Recombinant Verticillium albo-atrum Altered inheritance of mitochondria protein 31, mitochondrial (AIM31)

How conserved is AIM31 across different fungal species?

AIM31 appears to be highly conserved across many fungal species, particularly within the Verticillium genus. Phylogenetic analysis of the homologous protein VdNuo1 in V. dahliae showed that it shares the closest evolutionary relationship within Verticillium species, while still being conserved across filamentous fungi from a common ancestral origin .

The conservation can be observed across multiple species for which recombinant AIM31 proteins are available, including:

• Verticillium albo-atrum

• Penicillium chrysogenum

• Saccharomyces cerevisiae

• Pichia pastoris

• Aspergillus flavus

• Paracoccidioides brasiliensis

• Trichophyton verrucosum

• Arthroderma otae

• Penicillium marneffei

• Ajellomyces dermatitidis

• Aspergillus clavatus

This conservation suggests evolutionary importance of this protein in mitochondrial function across the fungal kingdom.

What detection methods are available for studying Verticillium albo-atrum in plant samples?

Several detection methods have been developed for V. albo-atrum in plant samples, with quantitative PCR being particularly effective:

Real-time PCR assay:
A precise real-time polymerase chain reaction (PCR) assay has been developed specifically for quantifying Verticillium albo-atrum DNA in plant tissues. This method allows researchers to:

• Quantify pathogen DNA in infected leaves and shoots

• Correlate DNA quantities with disease severity

• Examine relationships between pathogen colonization and host resistance

In experimental studies, this PCR-based method demonstrated significant correlation (>0.52, P < 0.0001) between the amount of V. albo-atrum DNA detected in leaves and stems and disease severity index ratings from visual symptoms .

Other detection approaches include:

• Microscopic examination of infected tissues

• Culture-based isolation on selective media

• Species-specific molecular markers based on mitochondrial genome features

• Immunological detection methods using antibodies against fungal antigens

What is the relationship between AIM31 and mitochondrial function in Verticillium species?

AIM31 appears to be a key component in mitochondrial function, particularly in maintaining mitochondrial integrity and respiratory chain activity. Studies on the homologous protein VdNuo1 in V. dahliae provide insights:

• Subcellular localization: The protein is definitively localized to mitochondria, as confirmed by co-localization of GFP-fusion proteins with mitochondrial-specific probes .

• Structural features: The protein contains a conserved mitochondrial presequence and a TRX-like [2Fe-2S] ferredoxin family domain that facilitates electron transfer .

• Functional impact: Deletion of the homologous gene in V. dahliae led to:

  • Formation of giant lipid droplets

  • Dispersion of outer mitochondrial membrane

  • Fusion of the matrix with cristae

  • Increased sensitivity to mitochondrial reactive oxygen species (mtROS) inducers

These findings suggest that AIM31 likely plays crucial roles in maintaining mitochondrial morphology, electron transport chain function, and potentially in oxidative stress responses in V. albo-atrum as well.

What expression systems are optimal for producing recombinant Verticillium albo-atrum AIM31 protein?

Multiple expression systems have been successfully used to produce recombinant AIM31 protein, each with advantages for different research purposes:

When selecting an expression system, researchers should consider:

• The need for post-translational modifications

• Required protein yield

• Downstream applications (structural studies vs. functional assays)

• Available laboratory resources and expertise

For structural studies requiring large quantities of protein, E. coli expression is generally preferred, while functional studies may benefit from expression in systems that better preserve native protein conformation and modifications .

What methodologies are effective for studying AIM31 localization in fungal cells?

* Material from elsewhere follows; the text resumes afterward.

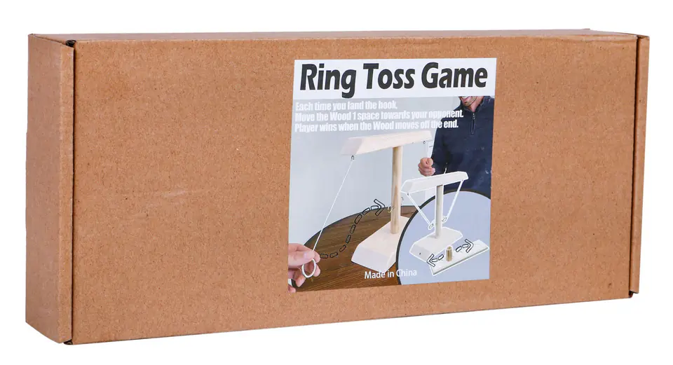 Drewniana, zręcznościowa, wciągająca gra dla dzieci od 5-go roku życia, ale także dla dorosłych.Idealna na imprezy, spotkania integracyjne, wakacje. Zapewni wiele godzin rozrywki i poprawi koordynację ręka-oko. Łatwa w montażu i demontażu, starannie wykonana i całkowicie wyjątkowa. Polega na tradycyjnym rzucie pierścieniem, tak by wylądował na ringu (haczyku). Po każdym udanym rzucie, należy przesunąć kołek na podstawie z kółeczkami w stronę przeciwnika. Kto pierwszy dotrze do przeciwnika wygrywa. Uwaga w wersji dla dorosłych kołek można zastąpić kieliszkiem. Zasady gry: - drewniany kołek połóż na środku podstawki, - spróbuj trafić metalowym pierścieniem, tak by wylądował na haczyku, - gdy trafisz, przesuń drewniany kołek o 1 pole w kierunku przeciwnika, - gdy nie trafisz, ruch ma przeciwnik, - wygrywa ten, kto pierwszy dotrze do przeciwnika. | |

Several methodologies have proven effective for studying the subcellular localization of AIM31 and related proteins in fungal cells:

Fluorescent protein fusion approaches:

• GFP fusion constructs: The coding sequence region of the target gene (without stop codon) can be fused with GFP fragments and inserted into appropriate vectors using homologous recombination .

• Transformation methods: Agrobacterium tumefaciens-mediated transformation (ATMT) has been successfully used to introduce these constructs into fungal cells .

• Visualization: Confocal microscopy with appropriate filter sets (Ex 470 nm, Em 525 nm for GFP) allows visualization of the fusion protein's location .

Co-localization with mitochondrial markers:

• Mitochondrial staining: Mitochondrial-specific probes such as MitoTracker Red CMXRos (200 nM) can be used to confirm mitochondrial localization .

• Fluorescence overlay: The intensity of green (GFP) and red (mitochondrial marker) fluorescence can be quantified and compared using image analysis software like ImageJ to confirm co-localization .

Electron microscopy approaches:
For higher resolution studies of mitochondrial morphology and AIM31 localization:

• Samples should be processed through fixation (2.5% glutaraldehyde), post-fixation (1% osmium tetroxide), dehydration, and embedding

• Ultrathin sections can be examined by transmission electron microscopy (typically at 80 kV)

A detailed protocol used successfully for similar proteins includes:

• Collection of conidia from appropriate culture plates

• Incubation of spore suspensions (10⁴ spores/mL) on hydrophobic glass slides for 16h at 25°C

• Staining with mitochondrial probe (200 nM) and washing

• Observation using appropriate fluorescence microscopy channels

What role does AIM31 play in mitochondrial inheritance and pathogenesis in Verticillium albo-atrum?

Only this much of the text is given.